What exactly is the issue with the go nodes approach, other than the fact that you don't have such a script readily made? I can't see where having a reproducible crash can not be better than just having stderr which may or may not have anything useful in it.

Algorhythm-sxv commented 7 months ago

My initial thought was indeed to include the entire stderr output, since that's where any language-specific crash errors will be sent. However if pumping GBs of data over stderr and messing with the server is of concern then a more limited amount of stderr could be saved. cutechess-cli streams data into the file as it comes, so the data can then be manipulated with normal file system utilities/code.

For me currently, the primary issue with the go nodes approach is that the requirement for go nodes and reported nodes per move to align exactly is a quite a strong one, with some subtleties around what counts as a node, abort/timeout reports and off-by-1 errors. I have not invested effort into this previously so my engine will certainly not be able to use this approach as-is, and I'm sure I'm not alone in that regard.

My engine is written in Rust, which like many other languages outputs detailed messages over stderr when a panic/exception occurs. This alone has been enough to solve most crashes I have had, only rarely needing to resort to the debugger.

Of course perfect reproducibility is more powerful than a potentially unhelpful error message, but there is nothing to be lost from the programmer's perspective from having both. Including stderr as a PGN comment could even have everything in one file.

If implementation effort is of a concern I can try it myself and make a PR, but my general lack of Python/Django experience can't promise a high quality of implementation.

AndyGrant commented 7 months ago

I'm mildly concerned about engines printing a ton of information to stderr. But I don't know if that is the case. And frankly it would probably be an issue if it were.

What I can do is launch cutechess, and redirect stderr to cutechess.stderr.dev.log and cutechess.stderr.base.log.
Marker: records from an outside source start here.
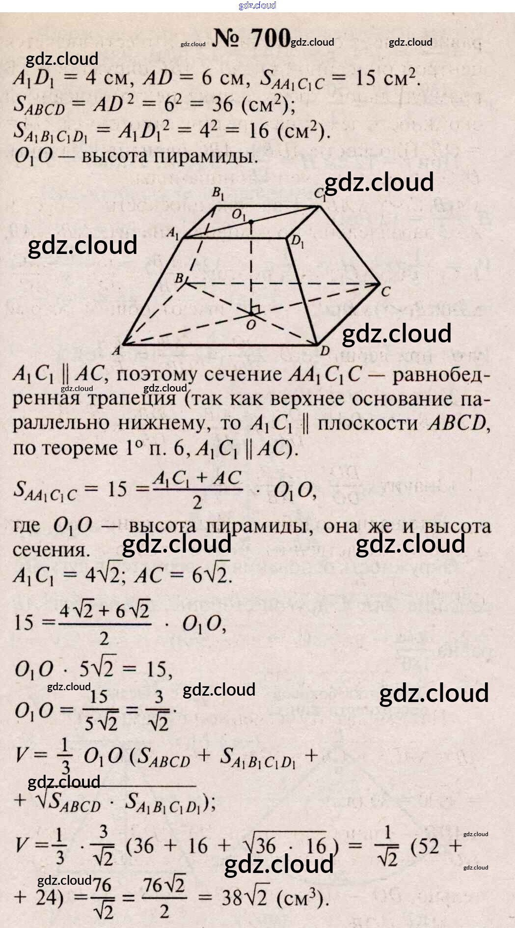 Ответ на задание 700 Учебник Геометрия  за 10, 11 (десятый, одиннадцатый) класс Атанасян, Бутузов, Кадомцев, Киселева, Позняк  Базовый и углубленный уровень 2015, 2023
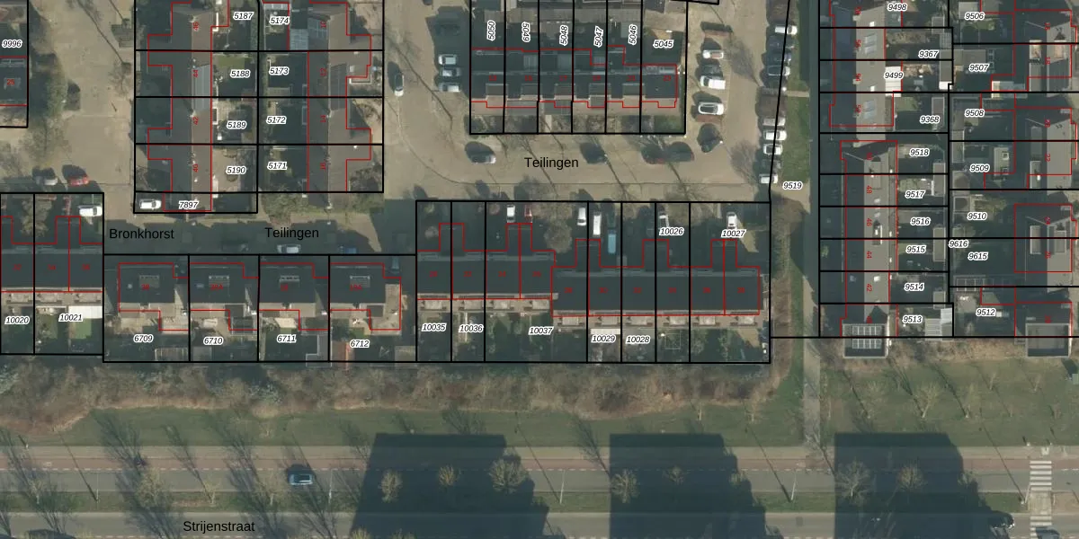 Het perceel waarop Teilingen 26 staat heeft een oppervlakte van 564 m². Dit is een groot perceel. De perceeloppervlakte wordt geregistreerd door het Kadaster. Gedetailleerde informatie over de maten van dit perceel kunt u vinden in het rapport Kadastrale kaart met maatvoering van Teilingen 26.
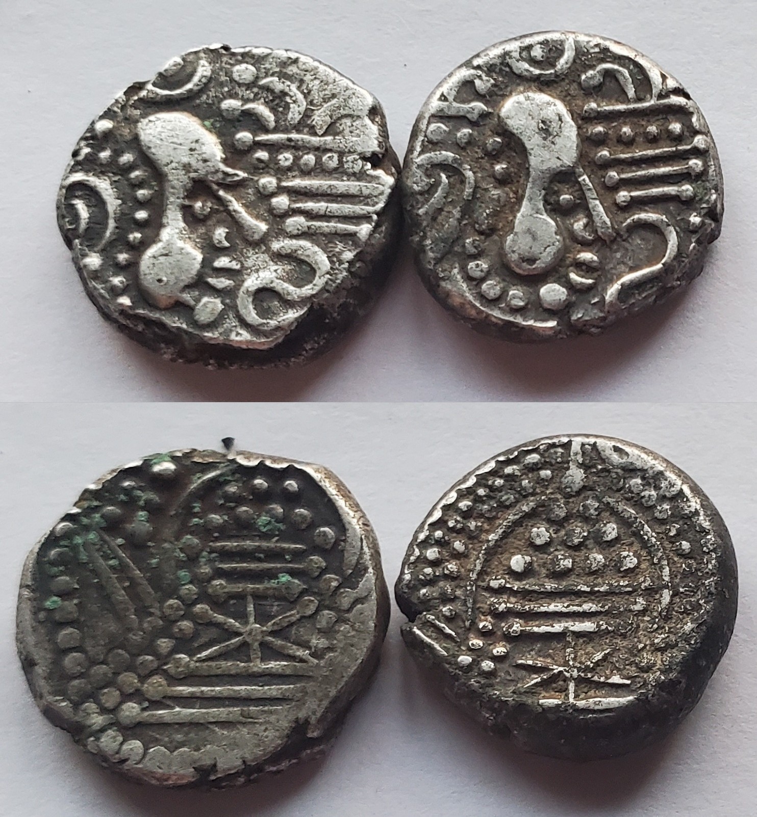 I believe I heard Deyell postulate that most/all of the Gadhaiya coinage was minted not by a government authority, but by a trade guild of Jain merchants. And while that makes sense in many ways, as someone who manages business requirements for IT for a living, the idea that they could be given a little artistic freedom but not completely lose the design within a decade, let alone 150-250 years, is beyond comprehension, unless of course there were strictly enforced rules about the creation of these coins.
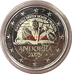 ANDORRE, 2 € commémorative 2025 "Jeux des Petits états d'Europe", livrée sous capsule.

Currently, when a workload finishes, the PGN is parsed. If any crashes, time losses, stalls, disconnects, or illegal moves appear in the PGN, the game is pulled out, and uploaded to the server as an error. I can attach the entire stderr log to that as well.
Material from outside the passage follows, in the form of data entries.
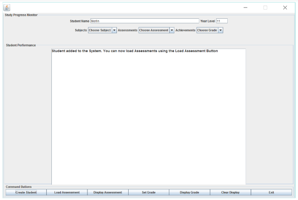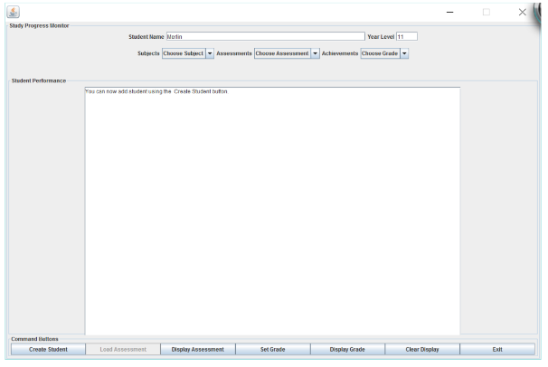 - A bottom panel that contains seven Buttons which are Create Student, Load Assessments, Display Assessments, Set Grade, Display Grade and Quit.
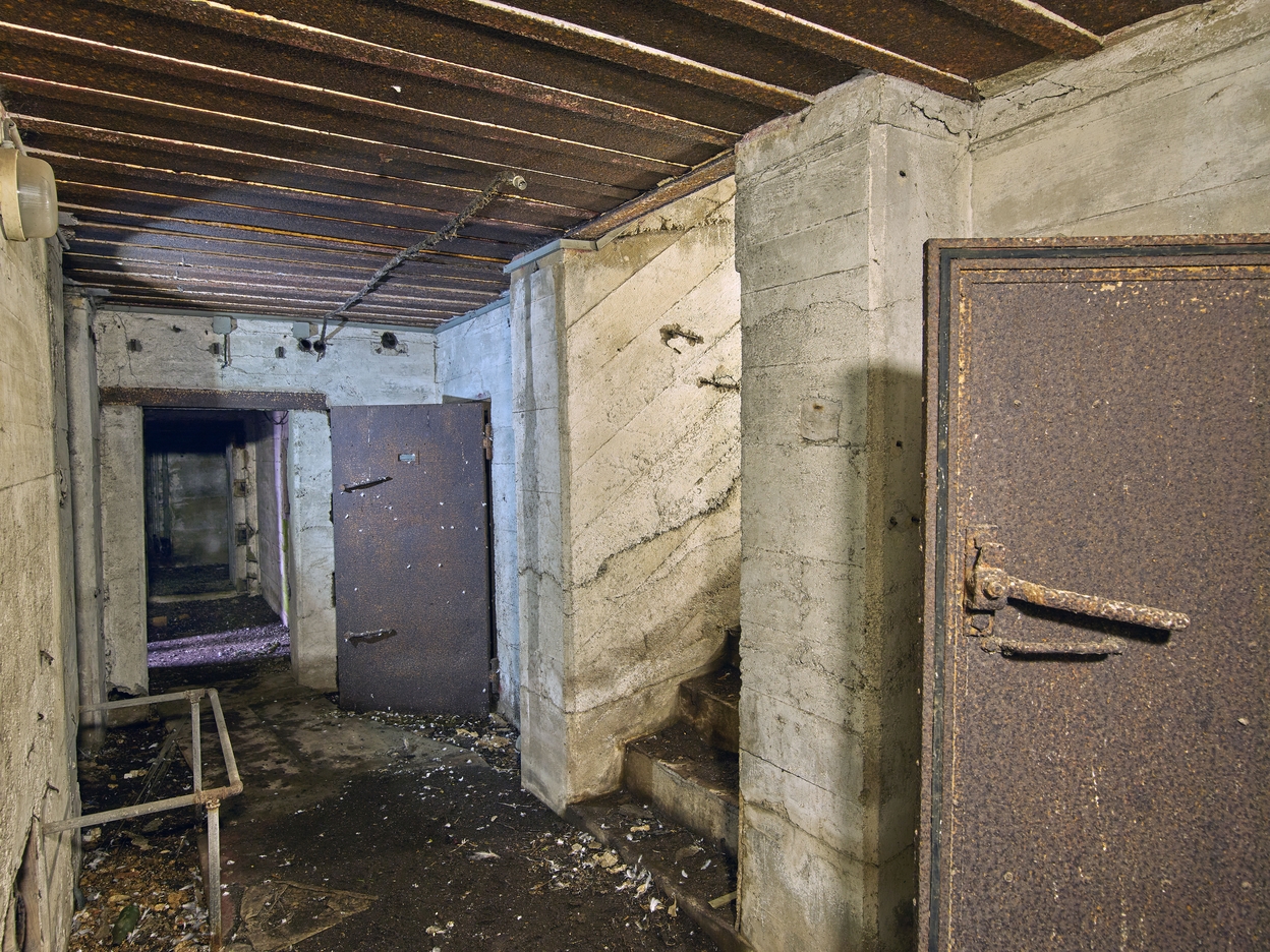 Vue du bunker du double encuvement antiaérien situé sur la dalle de couverture : sas ; les pièces de vie / chambrées sont dotées de leurs portes étanches. A droite, accès à l'escalier menant aux encuvementsImmatriculation
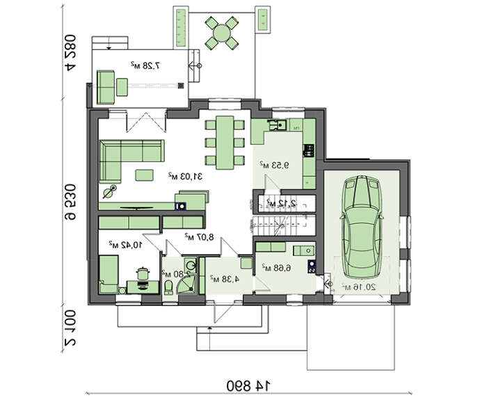 Гордостью дома считается просторный гостиный зал. Он объединил зону отдыха, места приема и приготовления пищи. В центре помещения установлен камин. Возле него долгими зимними вечерами будут собираться обитатели дома на совместные посиделки. В летнее время продолжением гостиной станет большая веранда, можно установить шезлонги для отдыха и обеденный стол для семейных трапез на свежем воздухе.
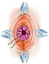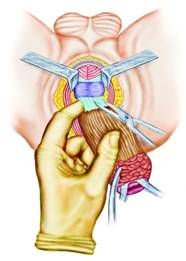 Dupa ce se stabileste ca rectul poate fi mobilizat, se trece la exereza propriu-zisa.
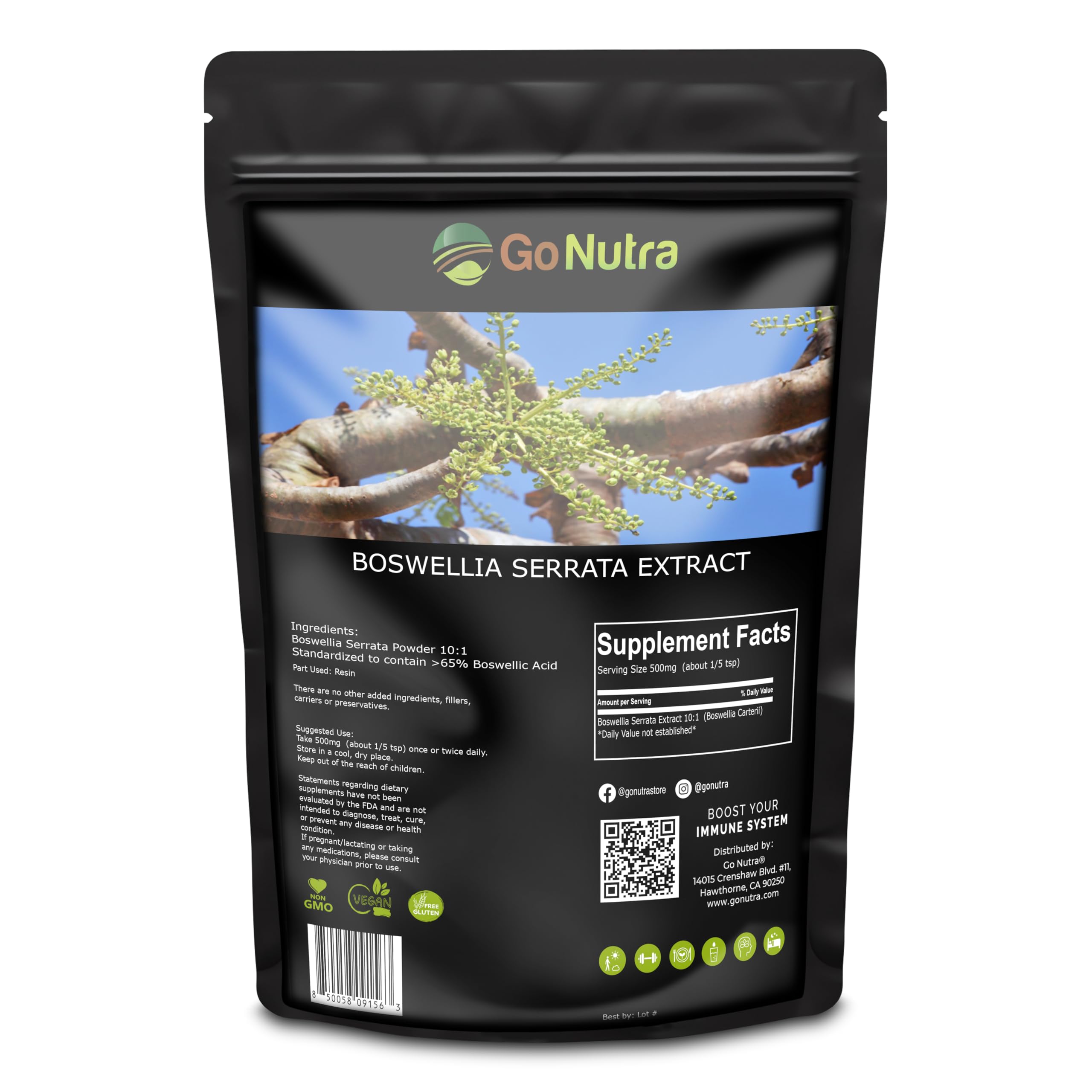 Go Nutra Boswellia Serrata Extract Powder 10:1 Strength 65% Boswellic Acid Frankincense Supplement Joint Support - 8 oz.

This will ultimately lead to additional information. IE if you managed 10 crashes on a single workload, you'll be getting 10 crashes worth of stderr in every pgn of every error report made to the server. But presumably errors are rare enough, that this is not a concern.

AndyGrant commented 7 months ago

I would be curious though to see the 1 in 10000 PGN you have, and the branch version of your engine that it came from. I would be surprised if I could not reproduce it, even if I can't type "go nodes".

Algorhythm-sxv commented 7 months ago

In my case the crashes are rare enough that I can't reproduce them locally, even running 20000 games so far. In my experience crashes have either been extremely rare or extremely common. The common ones are of course easy to reproduce locally but this particular one has evaded me.

AndyGrant commented 7 months ago

Well I mean I would like to try to reproduce the game, directly from the PGN, if you have it. Will also need the branch name, network ( if any ), and the engine options like hash/thread.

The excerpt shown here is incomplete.